Analyzing Figure 4, it can be seen that at the beginning of the experiment, the difference between the precision value of the method in this paper and the two traditional methods is not obvious. When the number of iterations reaches 3 times, the gap gradually becomes obvious. The precision value of this method shows a linear growth trend. The highest precision value is close to 1, indicating that the English grammar error detection result of this method is more accurate. From the experimental results, in terms of detecting English grammatical errors, the detection results of the method in this paper are more accurate.

4.3.3. Recall Value

Comparing the recall value of different methods, the comparison result is shown in Figure 5.

The recall values of the two traditional methods are low, as shown in Figure 5, indicating that the detection proportion obtained in the process of syntax error detection using the traditional method is low, i.e., the recall rate is low, which is far lower than the detection ability of the method in this paper. This is mainly because the traditional method has no pertinence in the process of training. When training, only the correct corpus is used instead of the corpus containing errors, and the recognition effect is poor, which is just corrected by this method.

4.3.4. Misjudgment Rate

The misjudgment rates of different methods are compared, and the comparison results are shown in Table 6 and Figure 6.

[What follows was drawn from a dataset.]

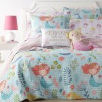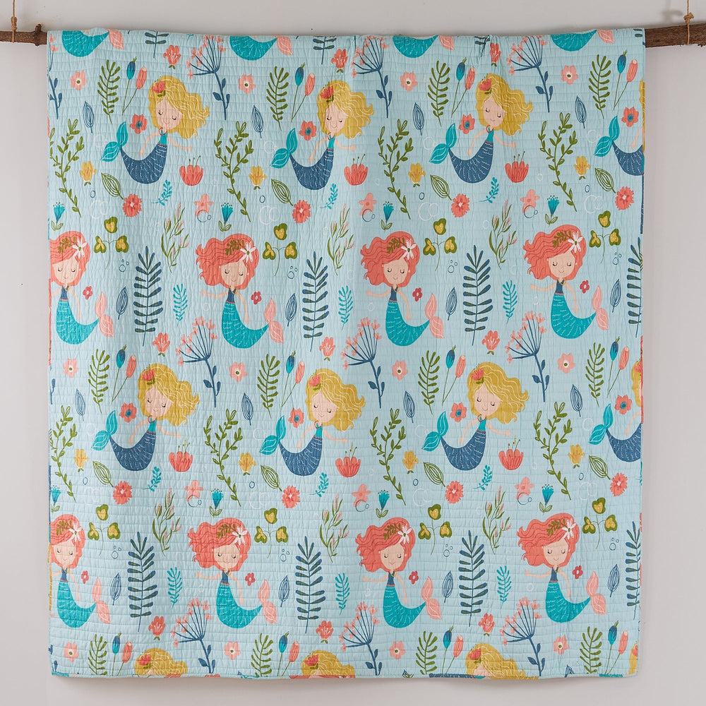 The Andrina Reversible Kids Quilt Set by Levtex Home is inspired by children’s fairytales about mermaids. Offered in multicolor, this design will immediately transform your kid’s bedroom. This reversible quilt features colorful mermaids swimming through their garden of aquatic flowers and plants on the front, reversing to a detailed pattern of shells in coral and blue on the back. The Quilts have a cotton front and back, filled with a polyester filler, and are machine washable. Your kid will surely enjoy this for years to come!

Figure 6 demonstrates that, when compared to the conventional approach, this method has a substantially lower misjudgment rate, with a minimum misjudgment rate of just 0.4, which is significantly lower than the traditional method. It shows that the overall performance of the method in this paper is improved compared with the traditional method, which shows that the improvement has achieved certain results.

5. Conclusion

The traditional methods used for the English grammatical error detection suffered from several problems including the problems of low kappa value, precision value, and recall value. Apart from these problems, the misjudgment rate in the conventional system was also high. Taking these challenges into consideration, this paper proposes an English grammar error detection method based on a machine translation model. To do so, a Bi-LSTM model was created to diagnose English grammatical faults, the Naive Bayes method was used to classify the results of the English grammatical error diagnosis, and the N-gram model was used to effectively point out the error’s location. The experimental verification shows that the detection result of this method is better and the accuracy rate is higher, which can provide a more reliable reference for English learners. At present, this article only studies the type and location of the detected errors, and does not correct the errors, so future research will start from the following two aspects: (1) Obtain more training data to enhance the model. (2) The model will not only identify errors but will directly correct grammatical errors as well.

Data Availability

The data used to support the findings of this study are available from the corresponding author upon request.

Conflicts of Interest

The author declares no conflicts of interest.